Credit: BRAND X & COMSTOCK IMAGES

Nature has a startling number of ways in which to establish differences between the sexes, and now a couple more can be added. In melons, an integrated model of sex determination — based on epigenetic repression mediated by a transposon — has been proposed to explain the development of male, female and hermaphrodite flowers, and in honeybees, it has been shown that sexual differentiation is a two-step process.

Sex determination in plants involves the physical separation of male and female flowers either on the same plant or in different individuals. In melons, the differentiation of the different sexual forms is controlled by a two-locus system, but the underlying mechanism remains unclear. To investigate this problem, Martin et al. positionally cloned the locus responsible for the transition from male to female flowers by crossing a monoecious plant (which contains both male and female flowers) with a gynoecious plant (in which all flowers are female). This led them to identify a hobo, Ac, Tam3 (hAT) family transposon insertion that, in all gynoecious lines tested, causes DNA hypermethylation at the promoter of the WIP1 gene. WIP1 encodes a zinc-finger transcription factor that blocks the development of the female reproductive organs. Hypermethylation of this gene in gynoecious lines silences WIP1 expression and therefore permits the appearance of female flowers. Furthermore, repression of WIP1 indirectly leads to the activation of another gene, ACS7, which arrests the development of male reproductive organs. The relative activity of WIP1 and ACS7 can therefore explain the formation of male, female and hermaphrodite flowers — in this last case, male reproductive organs are produced because of WIP1 repression and the presence of a non-functional ACS7 gene.
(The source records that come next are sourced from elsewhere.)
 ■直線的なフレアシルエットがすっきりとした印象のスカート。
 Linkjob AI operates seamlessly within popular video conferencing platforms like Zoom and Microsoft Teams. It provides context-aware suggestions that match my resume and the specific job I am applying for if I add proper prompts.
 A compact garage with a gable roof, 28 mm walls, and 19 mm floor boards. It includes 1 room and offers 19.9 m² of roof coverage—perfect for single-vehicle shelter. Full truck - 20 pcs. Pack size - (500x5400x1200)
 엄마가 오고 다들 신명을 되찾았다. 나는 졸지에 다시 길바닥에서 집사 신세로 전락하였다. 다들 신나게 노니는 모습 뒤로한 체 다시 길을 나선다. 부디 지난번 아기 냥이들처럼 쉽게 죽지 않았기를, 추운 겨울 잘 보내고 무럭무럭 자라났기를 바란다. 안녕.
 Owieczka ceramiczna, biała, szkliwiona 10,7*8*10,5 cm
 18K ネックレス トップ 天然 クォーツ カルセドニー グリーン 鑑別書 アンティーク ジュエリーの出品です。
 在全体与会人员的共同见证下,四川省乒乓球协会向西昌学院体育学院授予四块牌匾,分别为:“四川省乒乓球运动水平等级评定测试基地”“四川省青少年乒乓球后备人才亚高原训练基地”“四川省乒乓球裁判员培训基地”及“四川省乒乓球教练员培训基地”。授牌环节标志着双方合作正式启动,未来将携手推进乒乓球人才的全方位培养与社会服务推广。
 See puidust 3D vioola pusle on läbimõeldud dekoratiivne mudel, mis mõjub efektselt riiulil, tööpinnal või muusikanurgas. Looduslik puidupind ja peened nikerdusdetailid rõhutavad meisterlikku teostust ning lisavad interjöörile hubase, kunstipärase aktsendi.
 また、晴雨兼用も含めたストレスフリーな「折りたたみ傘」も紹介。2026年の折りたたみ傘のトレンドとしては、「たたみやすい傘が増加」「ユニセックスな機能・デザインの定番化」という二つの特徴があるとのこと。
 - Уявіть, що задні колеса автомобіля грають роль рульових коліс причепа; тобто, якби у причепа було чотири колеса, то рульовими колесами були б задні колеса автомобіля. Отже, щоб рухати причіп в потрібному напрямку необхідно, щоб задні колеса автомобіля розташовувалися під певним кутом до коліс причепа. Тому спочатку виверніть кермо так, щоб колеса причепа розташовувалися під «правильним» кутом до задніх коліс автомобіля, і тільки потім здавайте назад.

Honeybees have an unusual sex determination system whereby females develop from embryos that are heterozygous for alleles at the sex determination locus (SDL), whereas males develop when the locus is either homozygous or (in the case of unfertilized eggs) hemizygous. The SDL contains five protein-coding genes, but Gempe et al. established that only two — complementary sex determiner (csd) and its paralogue feminizer (fem) — function in sex determination. The authors characterized these genes by small interfering RNA (siRNA) injection into embryos. The csd gene is the primary determinant of sex, but how is it linked to downstream sexual differentiation? Both csd and fem are required for female differentiation, because in csd- and fem-repressed females both the soma and germ line are switched to the male fate. Removal of csd or fem activity by siRNA causes male-specific splicing of fem and the downstream doublesex gene. This result implies that male is the default sex-differentiation pathway. However, a striking finding was that csd can only support female-specific splicing of fem early in development; at later larval stages, female-specific fem activity is maintained by positive feedback of the Fem protein on the splicing of its mRNA. So, although csd provides a primary read-out of the allelic status at the SDL, fem is needed to maintain the female mode of development.

Although these mechanisms may seem peculiar to these two species, the involvement of an epiallele in determining sex points to the adaptability of this trait in melons, whereas the two-tier differentiation system in honeybees allows mechanistic comparisons of orthologous genes across 270 million years of insect evolution.